◆ Assigned task: The line with "(αAz = 68,9°) |" marks the first line to copy, and the line with "Modern Sculptural Wood" marks the last. Transcribe that stretch of the data below exactly, without pictures.

◆ Exercise data:
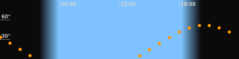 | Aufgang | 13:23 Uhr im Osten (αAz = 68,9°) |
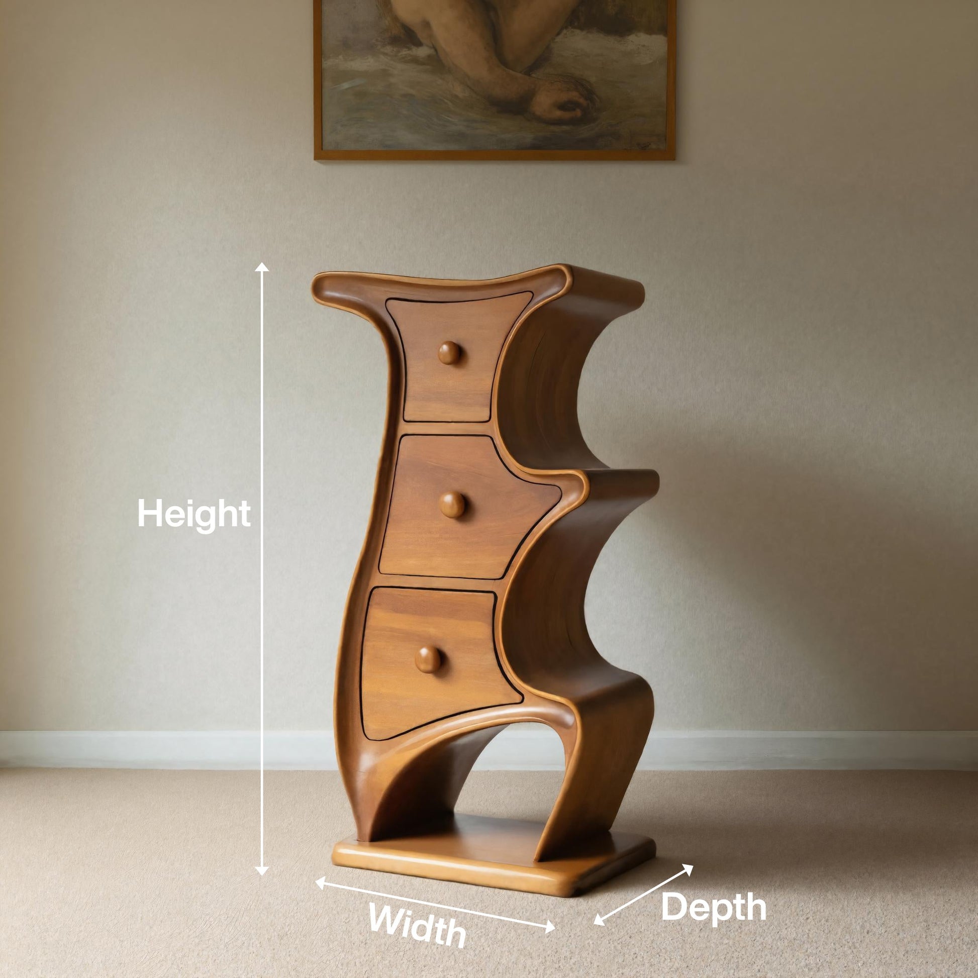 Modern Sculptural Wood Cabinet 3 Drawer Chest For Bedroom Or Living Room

==

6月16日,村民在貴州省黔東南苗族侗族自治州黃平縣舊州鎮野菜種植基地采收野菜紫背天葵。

---

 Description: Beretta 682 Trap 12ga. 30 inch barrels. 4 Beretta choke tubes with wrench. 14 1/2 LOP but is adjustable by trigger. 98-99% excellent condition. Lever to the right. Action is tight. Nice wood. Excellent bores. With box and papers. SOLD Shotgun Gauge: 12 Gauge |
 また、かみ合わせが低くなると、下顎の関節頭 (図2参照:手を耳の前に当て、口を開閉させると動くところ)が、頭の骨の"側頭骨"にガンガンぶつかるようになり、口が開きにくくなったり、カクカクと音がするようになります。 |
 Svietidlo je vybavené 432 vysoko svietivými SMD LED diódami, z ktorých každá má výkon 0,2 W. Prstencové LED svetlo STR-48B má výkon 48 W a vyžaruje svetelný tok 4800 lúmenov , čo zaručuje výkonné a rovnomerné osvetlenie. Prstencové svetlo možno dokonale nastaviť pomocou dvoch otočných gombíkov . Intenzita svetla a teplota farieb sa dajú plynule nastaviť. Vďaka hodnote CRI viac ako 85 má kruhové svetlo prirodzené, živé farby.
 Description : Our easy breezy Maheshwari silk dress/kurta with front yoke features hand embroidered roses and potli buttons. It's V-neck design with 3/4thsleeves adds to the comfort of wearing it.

◆ Written response:
 | Aufgang | 13:23 Uhr im Osten (αAz = 68,9°) |
 Modern Sculptural Wood Cabinet 3 Drawer Chest For Bedroom Or Living Room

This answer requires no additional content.